Exercise aim:
Reproduce the records exactly, but not the pictures.

[Source records]
········
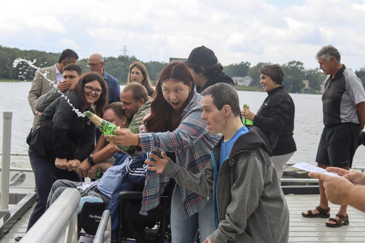 Staff, individuals served by OE, and launch funders end the launch ceremony with the tradition of dedicating the water access with sparking juice sprayed into the water for good luck and safe travels for users of the launch.
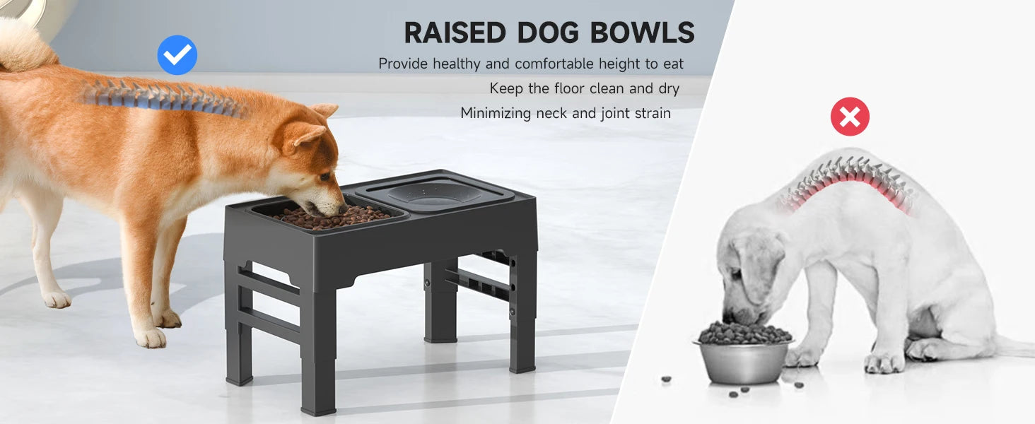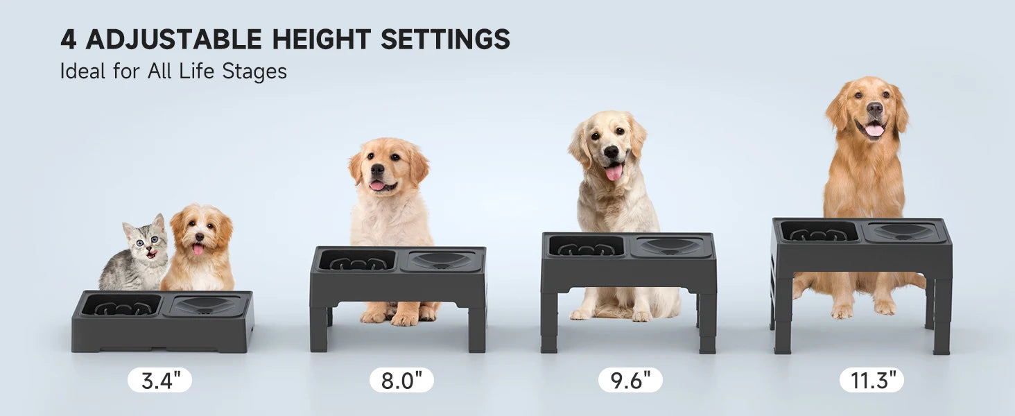 Adjustable Heights Ideal for All Life Stages: Elevated dog bowls for large dogs is well-designed with different heights to grow with your dog from puppyhood to adult years. The raised dog bowl can adjust to(3.4"-11.3") for large, medium, and small dogs & cats.This raised dog bowl effectively reduces stress on neck,joints and spine. And it also helps promote healthy digestion by providing comfortable height for access to food and water.
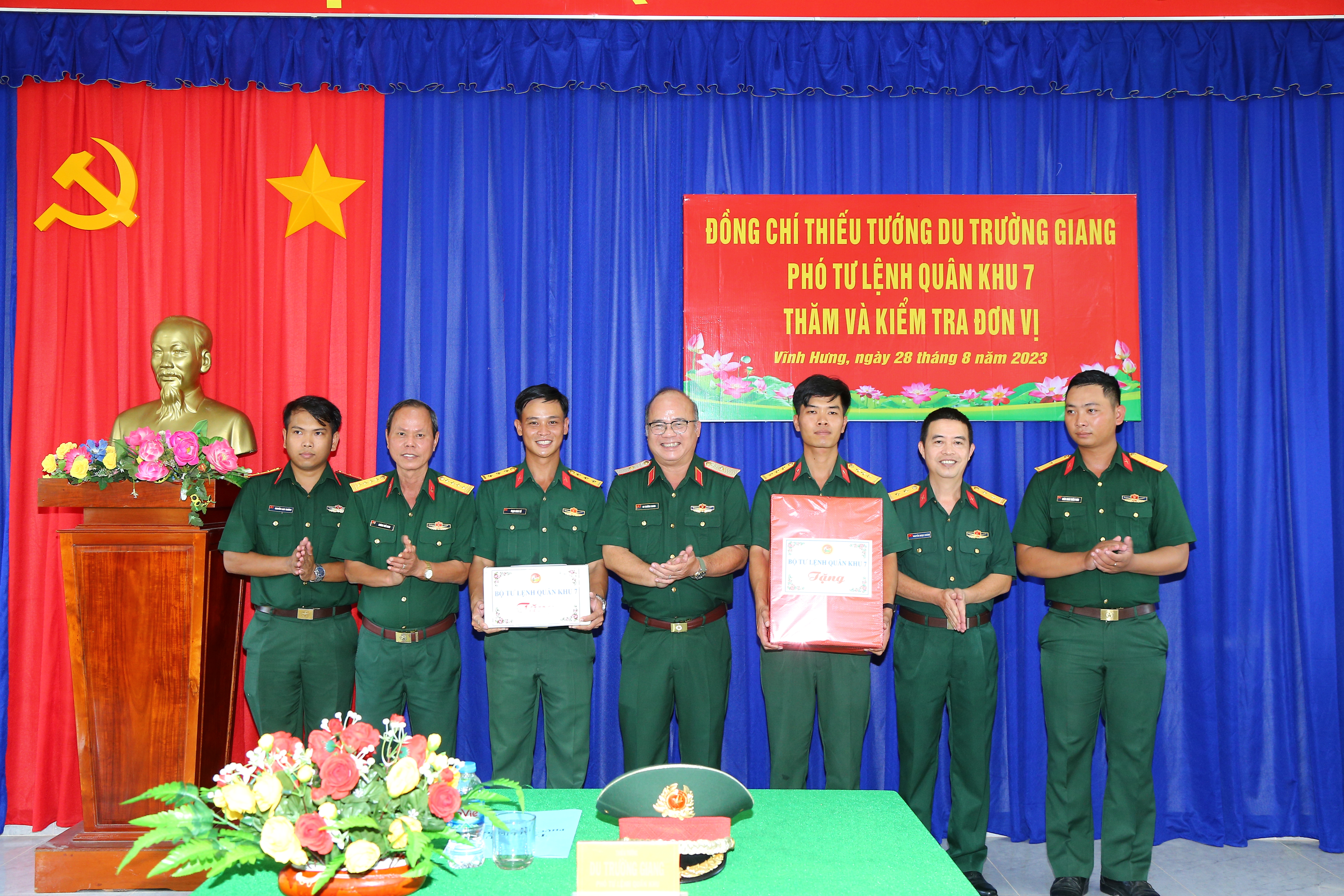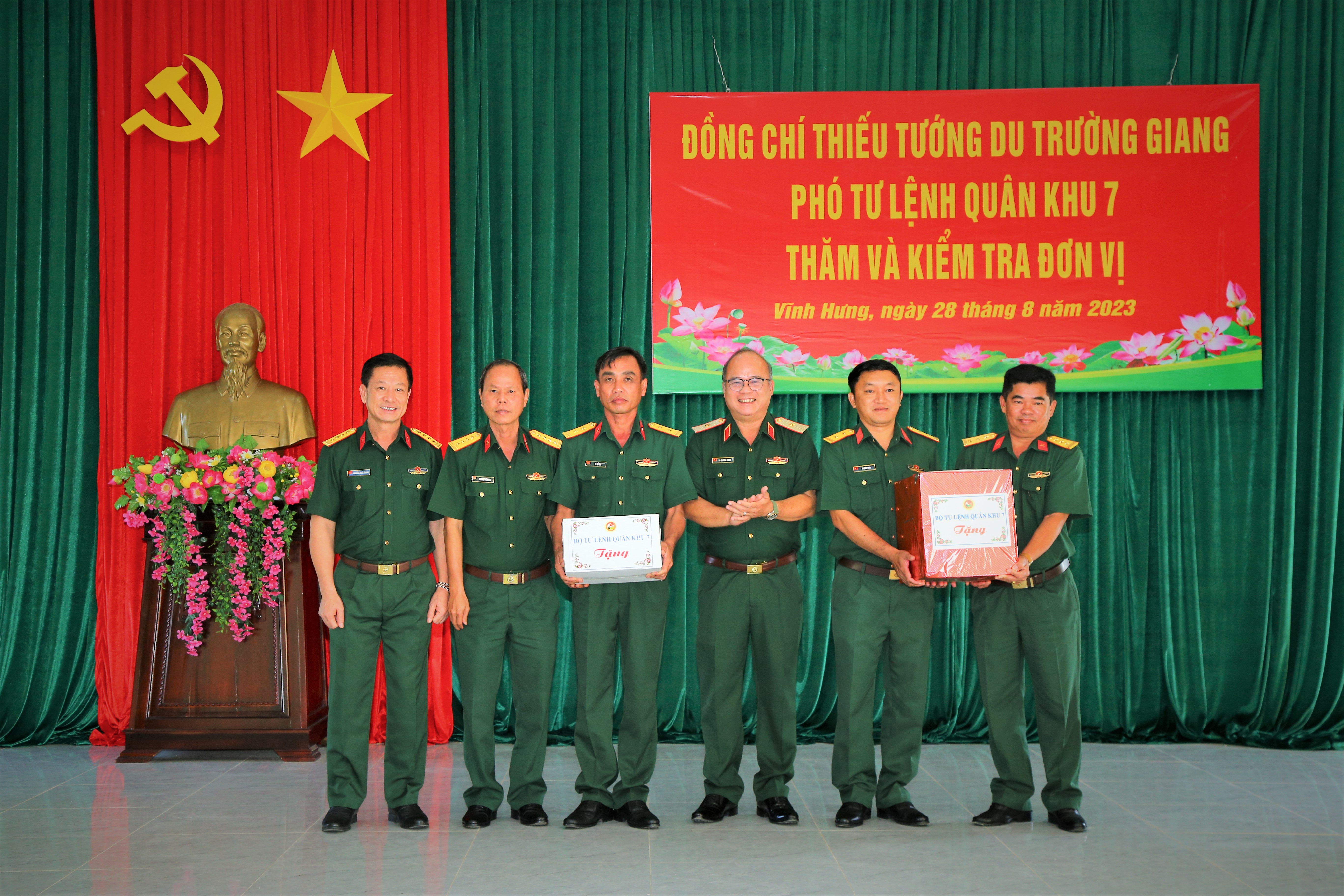 Thiếu tướng Du Trường Giang, Phó Tư lệnh Quân khu 7 và lãnh đạo Công ty Đông Hải, Công ty Tây Nam tặng quà cho Ban CHQS huyện Vĩnh Hưng.
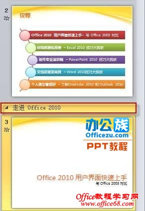 在PowerPoint演示文稿中有时可能会包含大量的幻灯片,此时内容的组织和管理就变得非常棘手了。演示文稿的分节功能,使幻灯片按照内容类别进行逻辑分组,方便管理和导航。 例如:将当前演示文稿的第二张和第三张幻灯片之间添加一个节,并命名为“走进Office2010”。
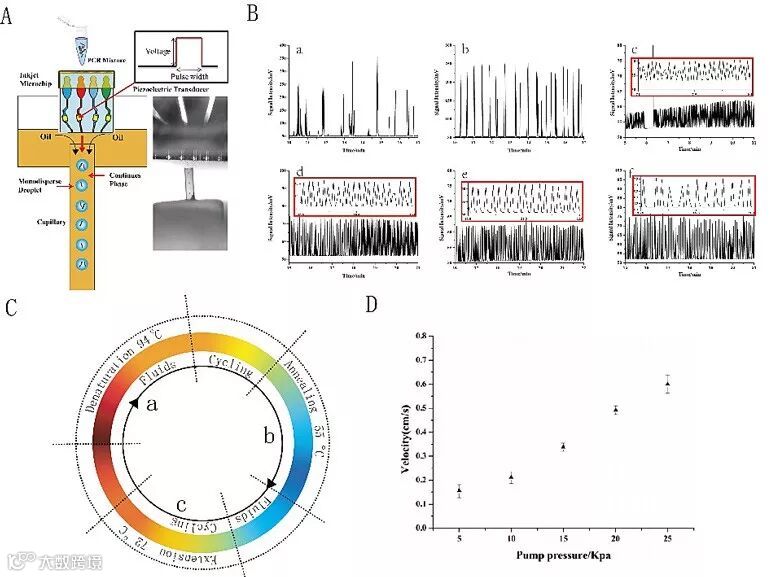 图2.(A)喷墨打印液滴技术的示意图;(B)液滴进样频率对液滴间荧光信号分辨率的影响;(C)PCR循环扩增的示意图;(D)液滴的运转速率。
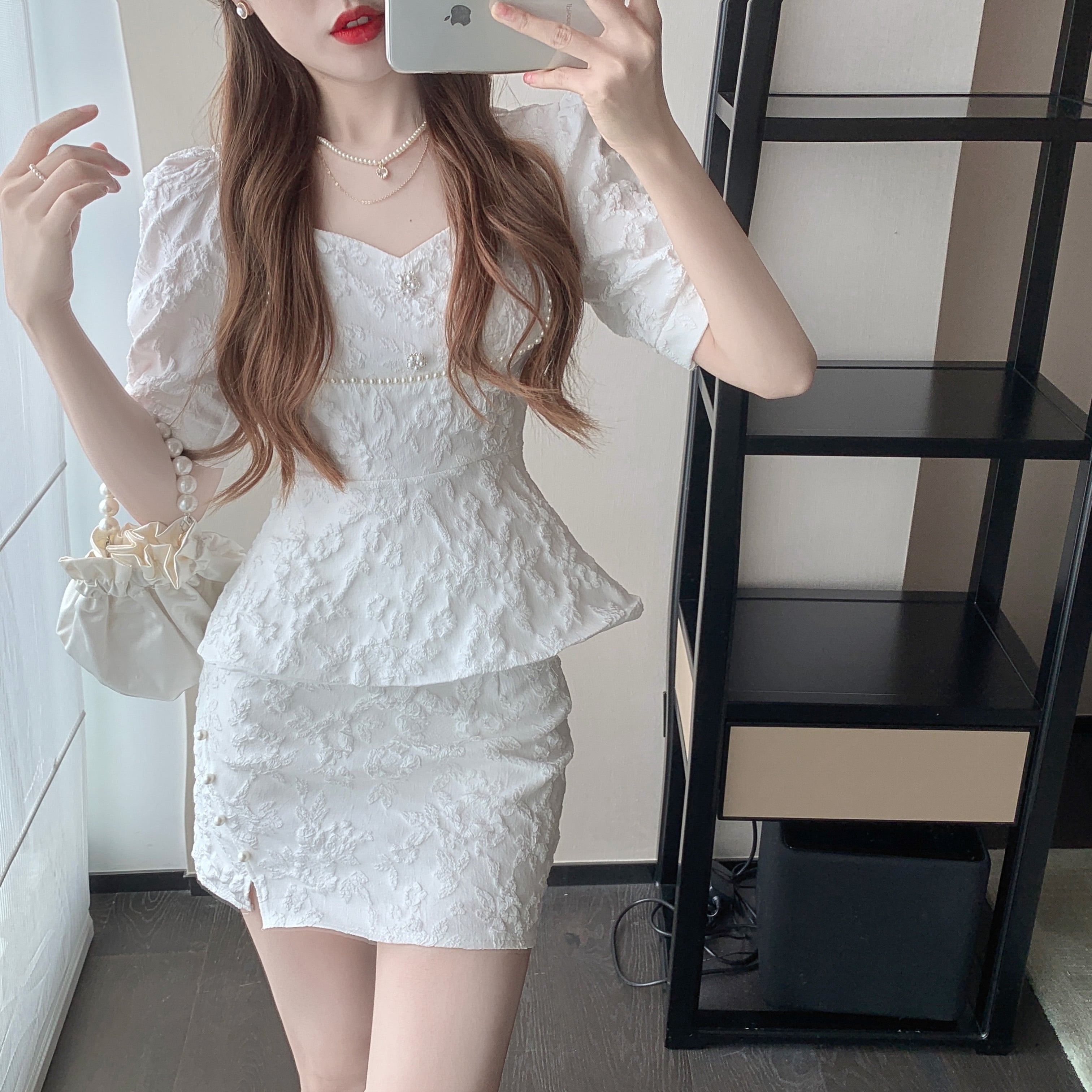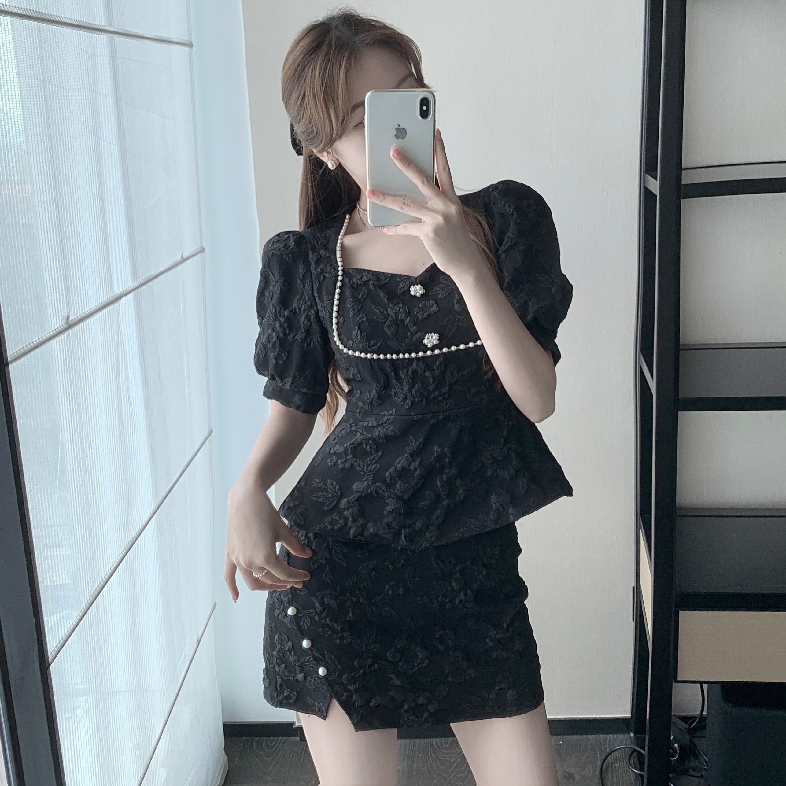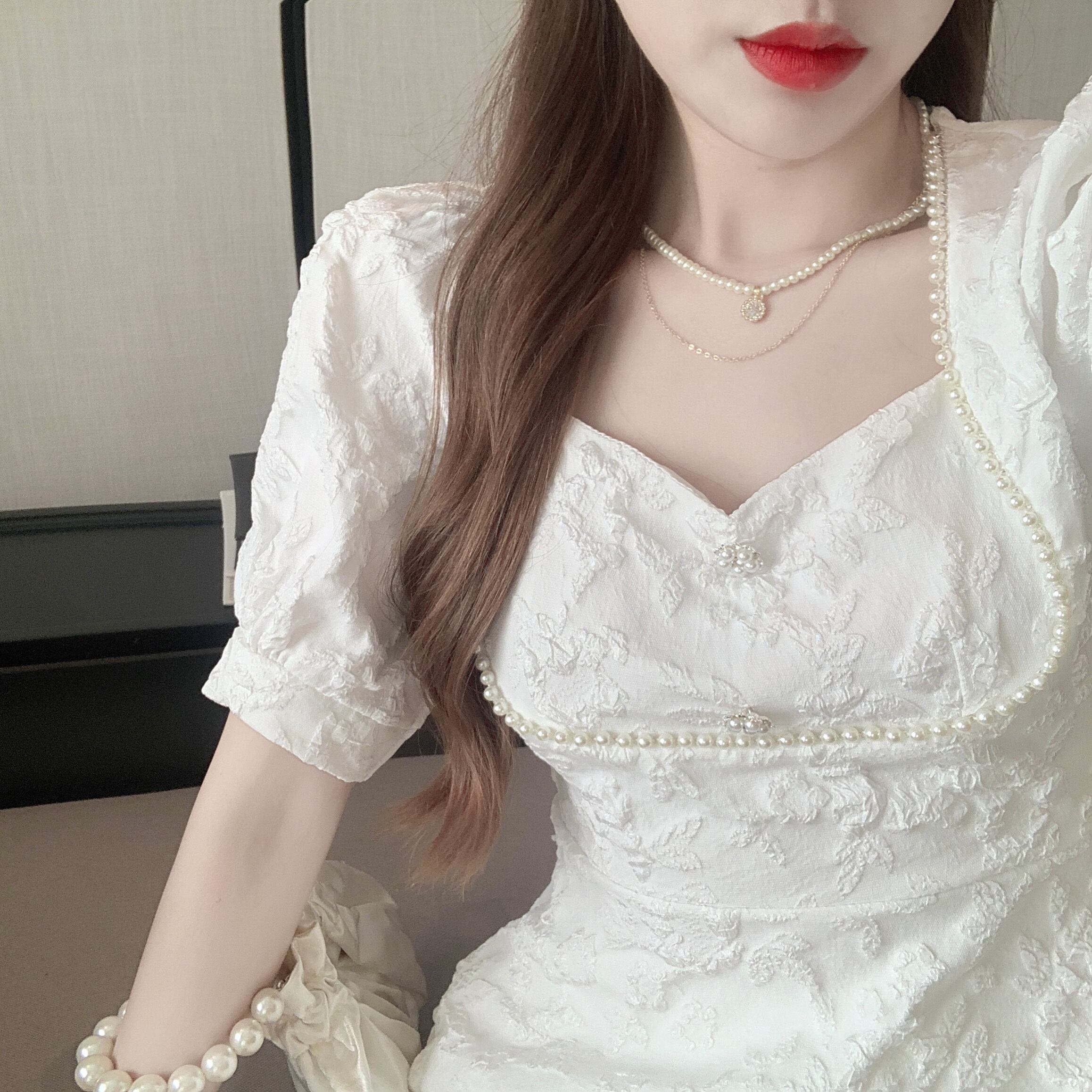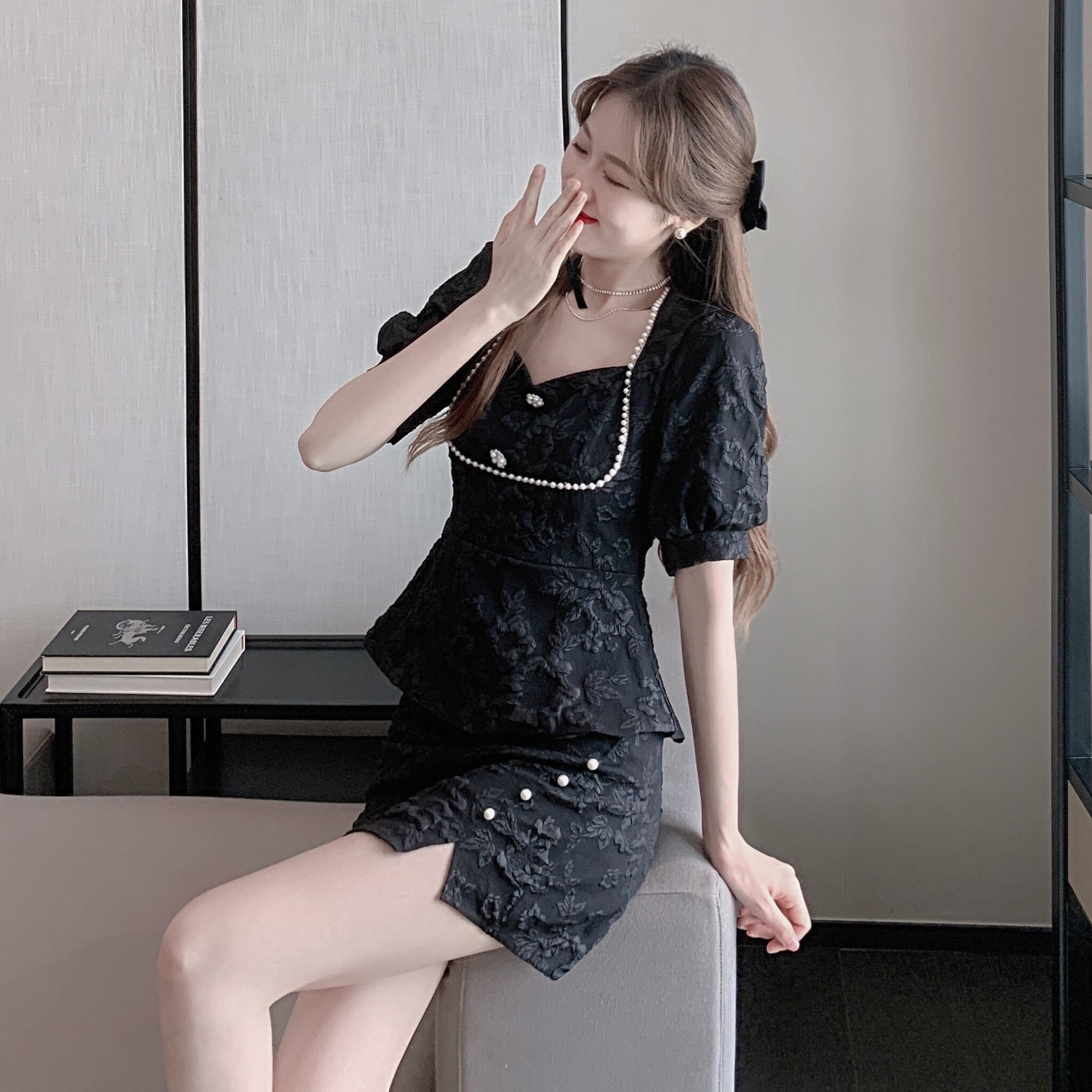 ジャカードスタンダードパールドレス トップス スカート レトロ 真珠 Xiaofeijia88537041755
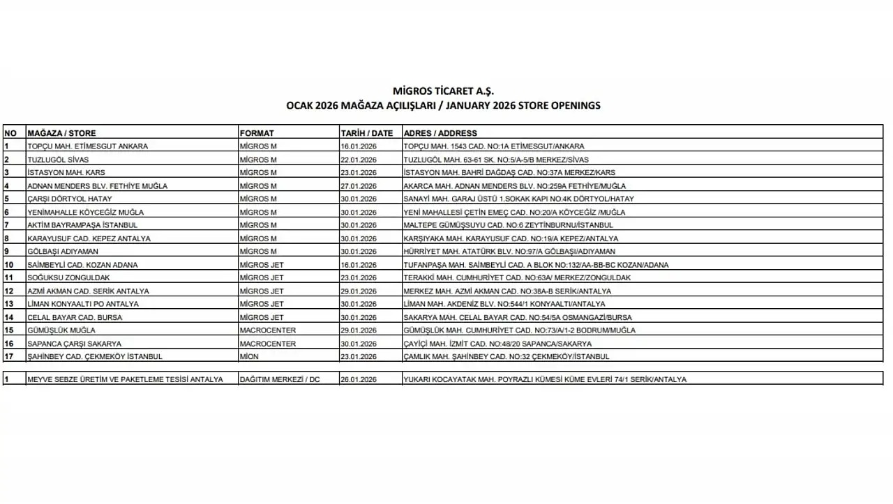 KAP’a yapılan açıklamada, ‘’ Şirketimiz, ekli listede belirtilen 9 adet Migros, 5 adet Migros Jet, 2 adet Macrocenter ve 1 adet Mion olmak üzere toplam 17 yeni mağaza ile 1 adet dağıtım merkezini Ocak ayı içerisinde ekte belirtilen tarihlerde hizmete açmıştır. 31 Ocak 2026 itibarıyla Şirketimizin toplam mağaza sayısı 3.804'e ulaşmıştır.’’ ifadeleri yer aldı.
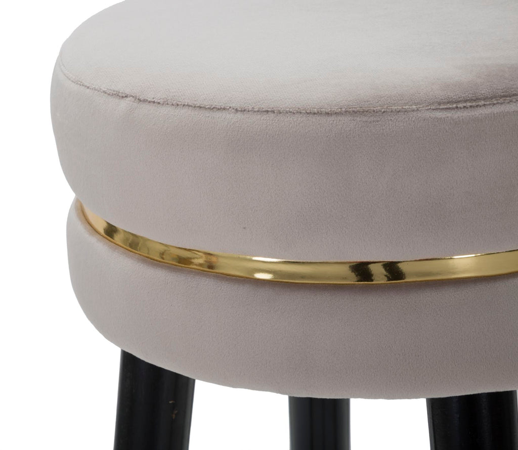 Tabouret de bar en bois et velours gris. Sièges avec une finition dorée inspirés des cabines d'essayage des grandes stars d'Hollywood. Idéal à placer dans la chambre ou dans le salon pour se sentir comme une star.
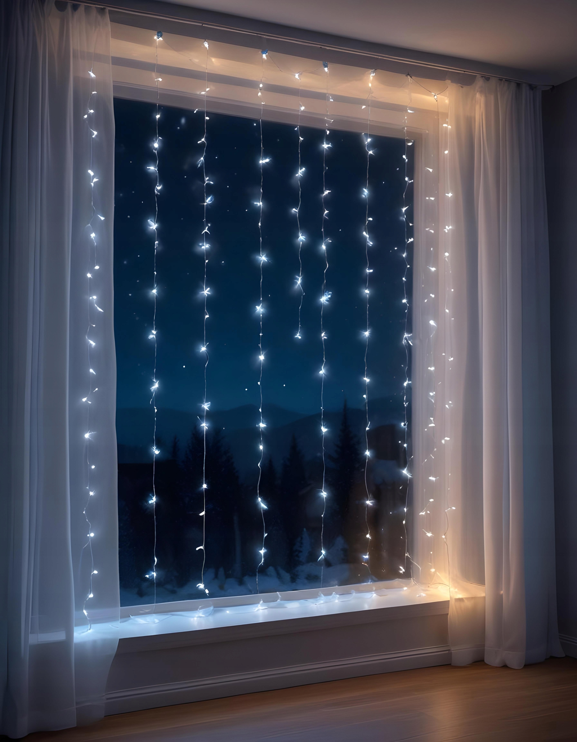 ⭐️ 300 LED LIGHT CURTAIN Christmas Tree Lights GarlandCOLD WHITE 300 LED LIGHT CURTAIN холодного, білого відтінку ідеально підходить для прикраси вікна, стіни, ялинки або тераси.
········
Reply to the exercise:
 Staff, individuals served by OE, and launch funders end the launch ceremony with the tradition of dedicating the water access with sparking juice sprayed into the water for good luck and safe travels for users of the launch.
 Adjustable Heights Ideal for All Life Stages: Elevated dog bowls for large dogs is well-designed with different heights to grow with your dog from puppyhood to adult years. The raised dog bowl can adjust to(3.4"-11.3") for large, medium, and small dogs & cats.This raised dog bowl effectively reduces stress on neck,joints and spine. And it also helps promote healthy digestion by providing comfortable height for access to food and water.
 Thiếu tướng Du Trường Giang, Phó Tư lệnh Quân khu 7 và lãnh đạo Công ty Đông Hải, Công ty Tây Nam tặng quà cho Ban CHQS huyện Vĩnh Hưng.
 在PowerPoint演示文稿中有时可能会包含大量的幻灯片,此时内容的组织和管理就变得非常棘手了。演示文稿的分节功能,使幻灯片按照内容类别进行逻辑分组,方便管理和导航。 例如:将当前演示文稿的第二张和第三张幻灯片之间添加一个节,并命名为“走进Office2010”。
 图2.(A)喷墨打印液滴技术的示意图;(B)液滴进样频率对液滴间荧光信号分辨率的影响;(C)PCR循环扩增的示意图;(D)液滴的运转速率。
 ジャカードスタンダードパールドレス トップス スカート レトロ 真珠 Xiaofeijia88537041755
 KAP’a yapılan açıklamada, ‘’ Şirketimiz, ekli listede belirtilen 9 adet Migros, 5 adet Migros Jet, 2 adet Macrocenter ve 1 adet Mion olmak üzere toplam 17 yeni mağaza ile 1 adet dağıtım merkezini Ocak ayı içerisinde ekte belirtilen tarihlerde hizmete açmıştır. 31 Ocak 2026 itibarıyla Şirketimizin toplam mağaza sayısı 3.804'e ulaşmıştır.’’ ifadeleri yer aldı.
 Tabouret de bar en bois et velours gris. Sièges avec une finition dorée inspirés des cabines d'essayage des grandes stars d'Hollywood. Idéal à placer dans la chambre ou dans le salon pour se sentir comme une star.
 ⭐️ 300 LED LIGHT CURTAIN Christmas Tree Lights GarlandCOLD WHITE 300 LED LIGHT CURTAIN холодного, білого відтінку ідеально підходить для прикраси вікна, стіни, ялинки або тераси.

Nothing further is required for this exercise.